@CØK Yes — if you “flatten out of XFA” using the Acrobat workarounds, you end up with a non‑fillable PDF.
The official guidance for editing/remediating XFA forms in Acrobat is: Save as EPS or Print to Adobe PDF -> this flattens the XFA, and removes all form fields, layers, interactive objects, buttons, and JavaScript.
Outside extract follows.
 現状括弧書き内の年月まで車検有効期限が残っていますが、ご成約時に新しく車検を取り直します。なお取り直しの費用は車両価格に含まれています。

The result is just static page content you can tag and remediate in Acrobat.https://helpx.adobe.com/acrobat/desktop/troubleshoot/pdf-viewing-editing-issues/cannot-edit-xfa-forms.html
https://helpx.adobe.com/acrobat/desktop/troubleshoot/pdf-viewing-editing-issues/cannot-edit-xfa-forms.html
So in your setup (Desktop AEM Forms Designer 6.5.21 only):
You cannot:
- Keep the form XFA + fillable and
- Mark graphic/draw objects (icons, circles, checkbox boxes, decorative art) as Artifact for PDF/UA.
Designer 6.5.21 only added Artifact control for text blocks, not for graphic/draw objects.https://experienceleague.adobe.com/en/docs/experience-manager-65/content/release-notes/cumulative-features-enhancements
That means today your real choices are:
- Stay XFA + fillable
- Accept that decorative graphics will still show up as figures/paths and be flagged by checkers, or redesign to avoid purely decorative art where possible.
- Produce a second, non‑XFA PDF for accessibility
- Flatten (or otherwise convert) to a traditional/tagged PDF and remediate in Acrobat — but that file won’t be the interactive XFA form your users fill.
There isn’t a hidden switch in Designer that lets you set Artifact on graphics while keeping an interactive XFA PDF; that capability simply does not exist in the product today.